IN THE UNITED STATES DISTRICT COURT
FOR THE EASTERN DISTRICT OF PENNSYLVANIA
ELLIS MARSHALL, : CIVIL ACTION
v. : NO. 02-CV-510 :
IMMIGRATION AND NATURALIZATION :
SERVICE, et al., :
O R D E R
AND NOW, this 29th day of April, 2002, upon consideration of the petition for writ of habeas corpus (Doc. Nos. 1, 5), the response thereto, the reply thereto, the supplemental response thereto, the motion of petitioner to stay deportation (Doc. No. 3), and all accompanying documents filed, and for the reasons set forth in the foregoing memorandum, IT IS HEREBY ORDERED that the petition for a writ of habeas corpus is DENIED AND DISMISSED WITHOUT AN EVIDENTIARY HEARING.
It is FURTHER ORDERED that petitioner's motion to stay deportation is DENIED.
LOWELL A. REED, JR., S.J.
1. Section 1182(a) of Title 8 has since been amended, whereby the number of classes of inadmissible aliens was decreased from thirty-four to nine by broadening the descriptions of the classes. See Perez-Rodriguez v. Immigration and Naturalization Service, 3 F.3d 1074, 1075 n.1 (7th Cir. 1993) (citing Immigration Act of 1990, Pub.

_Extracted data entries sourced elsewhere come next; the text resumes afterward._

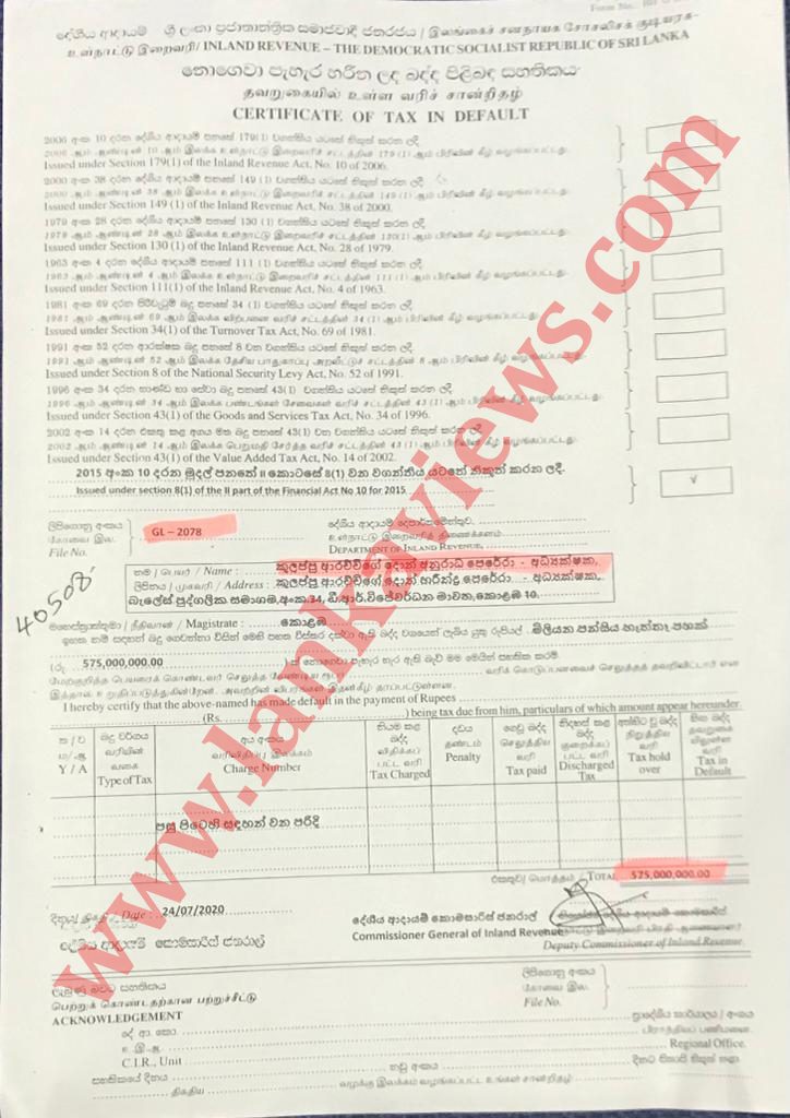 මේ සාක්ෂිවලින් පැහැදිළියි මේ පුද්ගලයෝ කෝටි ගණන්වලින් බදු ගෙවීම පැහැර හැරල තියෙනවා. ඔවුන් සම්බන්ධ කිසිදු පියවරක් මේ වෙන තුරු අරන් නැහැ. විශේෂ අධිකරණයක් දලා මේ බදු ගෙවීම පැහැර හරින පුද්ගලයන් ගෙනල්ලා ඔවුන්ගේ දේපල රාජසන්තක කරල හරි ඔවුන්ගේ බදු අය කර ගත යුතුයි.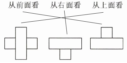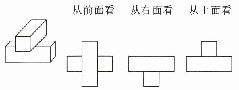 这是将两个同样大小的正方体上下连接摆放的示意图。观察时要按示意图摆放好两个正方体,分别从前面、右面和上面去观察。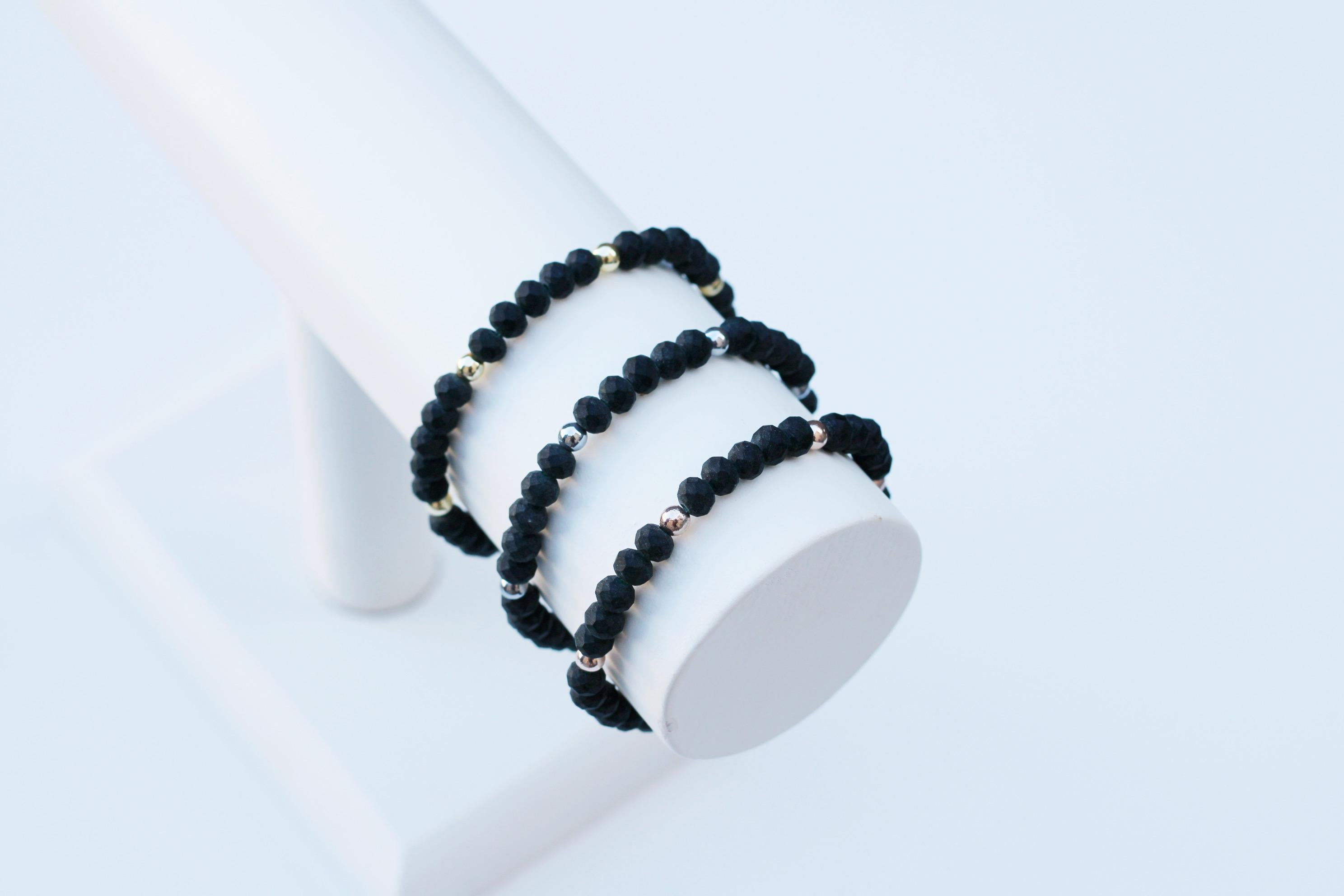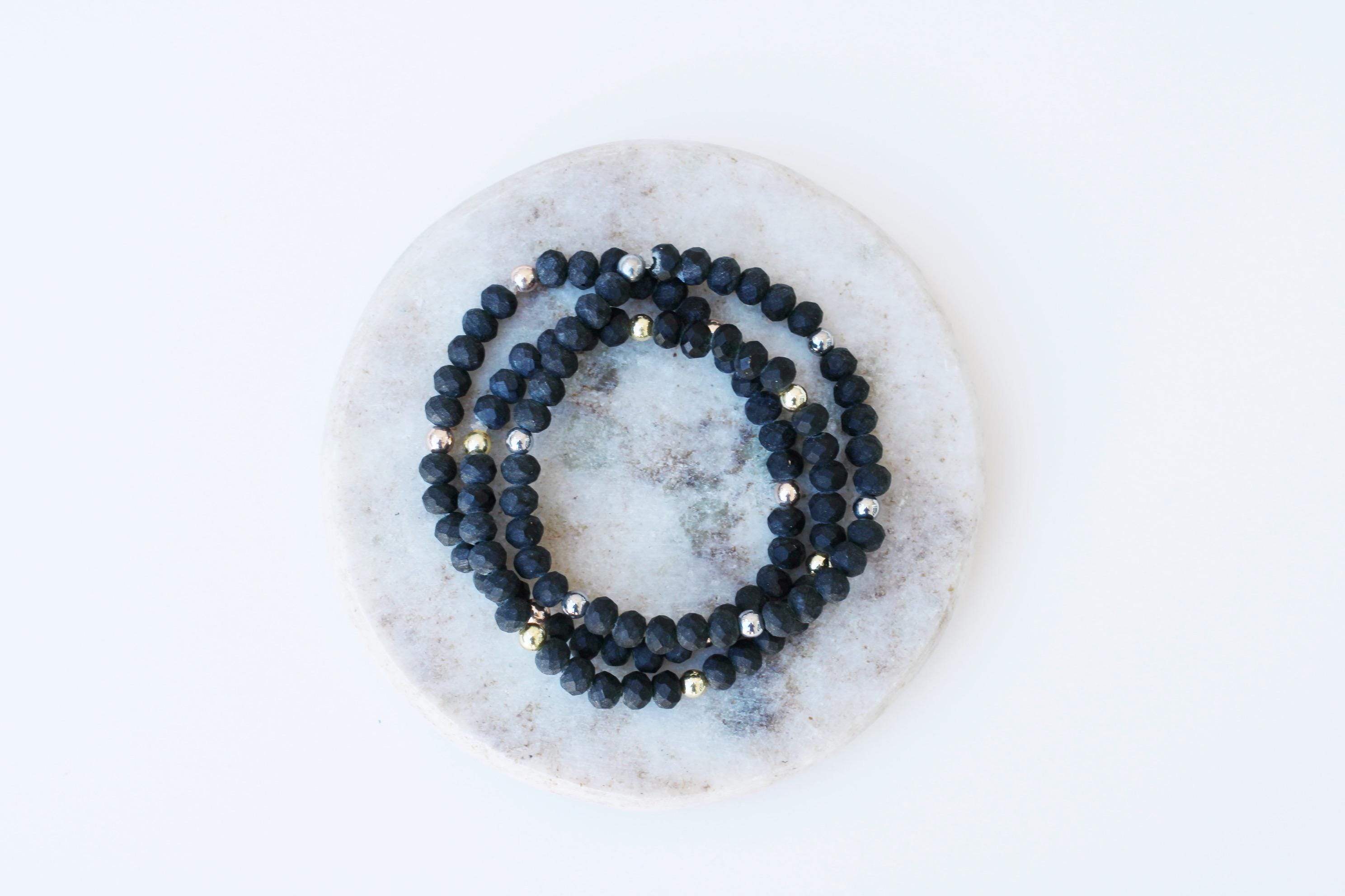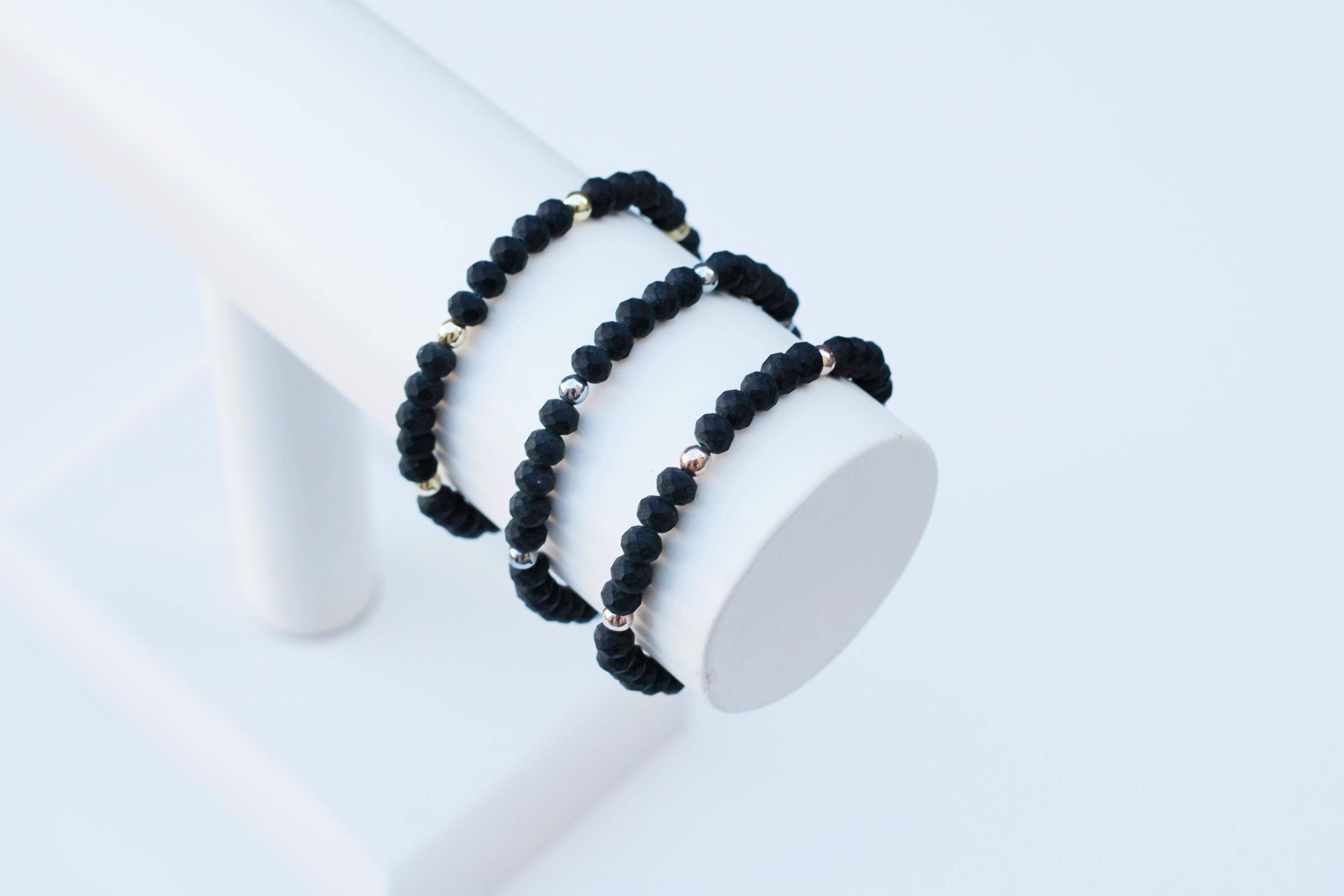A cool, lightweight stretch bracelet. Uniquely crafted with 6x4mm matte black faceted angelic crystal beads and accented with 18k 4mm gold/rose gold/silver plated hematite beads.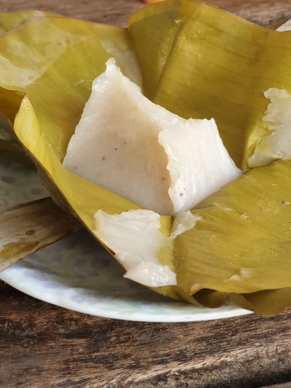 ขนมบ้านนี้ใช้เตาถ่านในการปิ้ง และนึ่ง เป็นกรรมวิธีธรรมชาติพื้นบ้าน ซึ่งถ่านเป็นถ่านไม้แก่ ที่ช่วยส่งเสริมให้ขนมที่ห่อใบตองมีกลิ่นหอมละมุนของใบตองที่เกรียม นอกจากนั้นกลิ่นไอนี้จะกระตุ้นให้ข้าวเหนียว และแป้งมีรสชาติที่กลมกล่อมมากขึ้น แถมการที่บ้านเราไม่ใช้แก๊สนั้นยังเป็นการช่วยสิ่งแวดล้อมอีกด้วย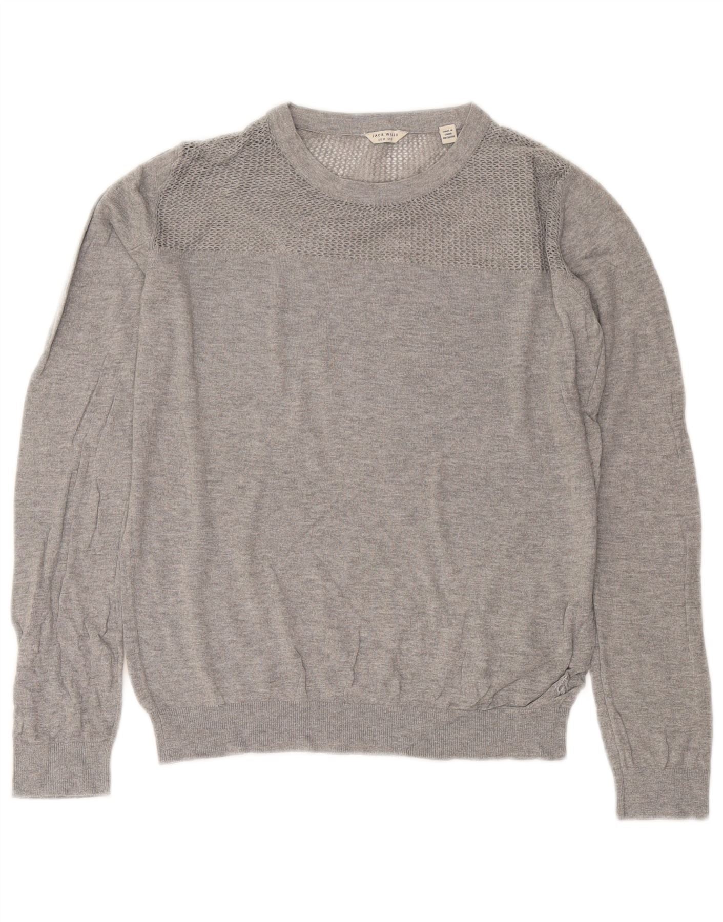 Jack Wills Damen-Pullover mit Rundhalsausschnitt, UK 12, mittelgraue Baumwolle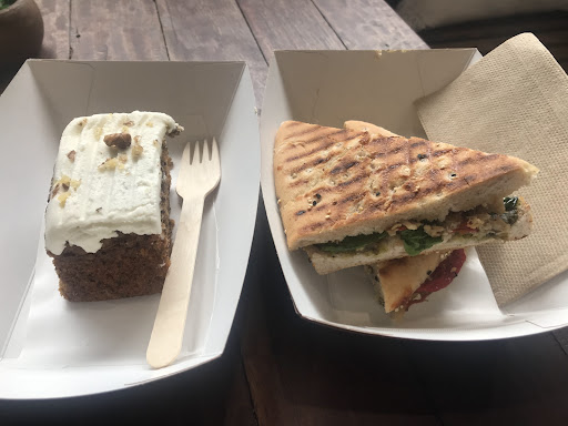 My iced mocha more a milkshake, same for the iced Vanilla Latte, more a milkshake than a coffee based drink. Carrot cake overloaded with sugar making my fillings tremble. Staff talking so loudly amongst themselves it was hard for our group to hear each other. We did not appreciate being given the Old hard stale Banana Bread. Take care serving old food...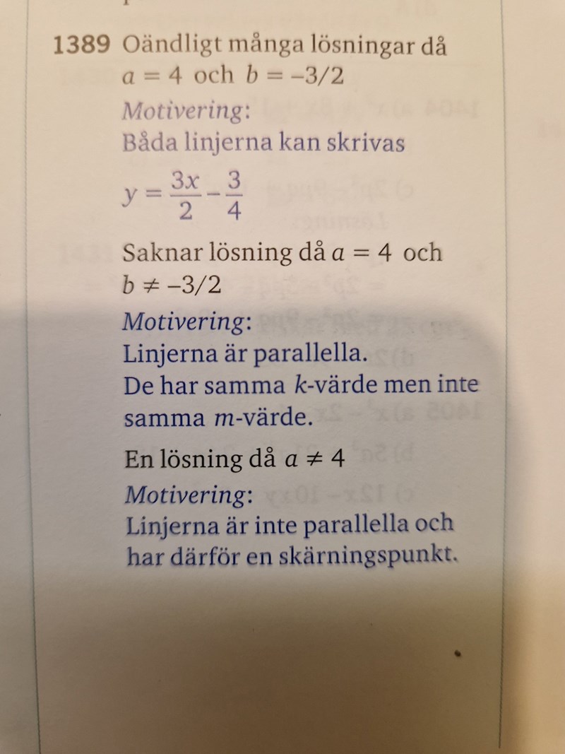 Jag löste ut y ur 2y-b =3x och fick Y=1,5x+0,5b. Sedan tänkte jag för att 0,5b = -3 alltså ha samma m-värde bör b=-6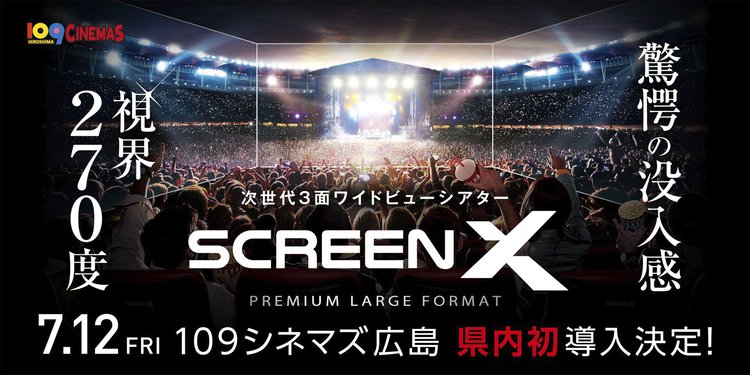 (株)東急レクリエーションは、109シネマズ広島に、広島県では初めてとなる最新スペック版「ScreenX」を7月12日(金)より導入する。これを記念して同館では、7月10日(水)、11日(木)にプレオープン特別上映を実施する。
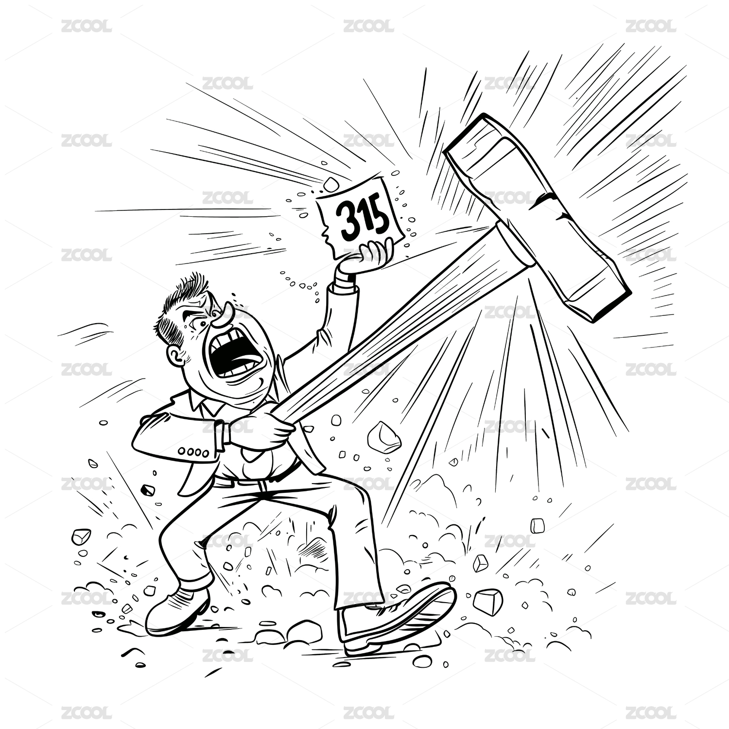 愤怒的上班族白领女性手拿锤子发泄情绪
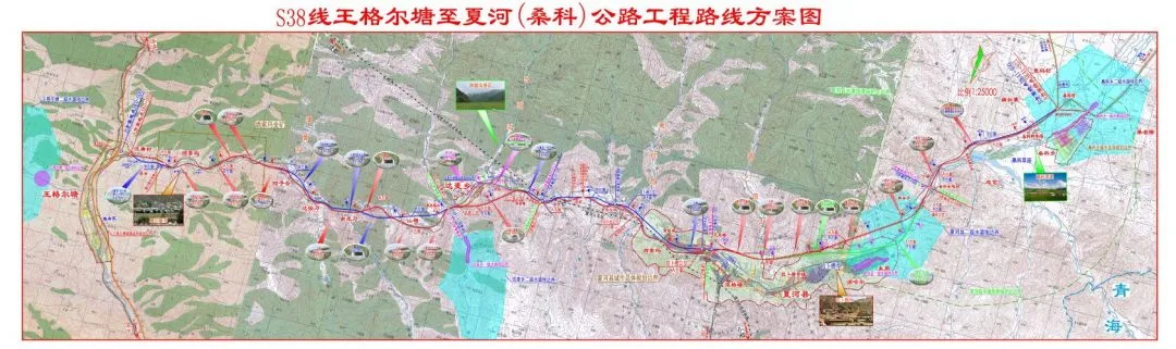 ▲ S38王格尔塘至夏河(桑科)公路工程路线方案图

L. No. 101-649 § 601(a), 104 Stat. 5066-85). The present equivalent of former 8 U.S.C. § 1182(a)(17) is now 8 U.S.C. §1182(a)(6)(A).
Except as provided in this section and notwithstanding any other provision of law, no court shall have jurisdiction to hear any cause or claim by or on behalf of any alien arising from the decision or action by the Attorney General to commence proceedings, adjudicate cases, or execute removal orders against any alien under this chapter.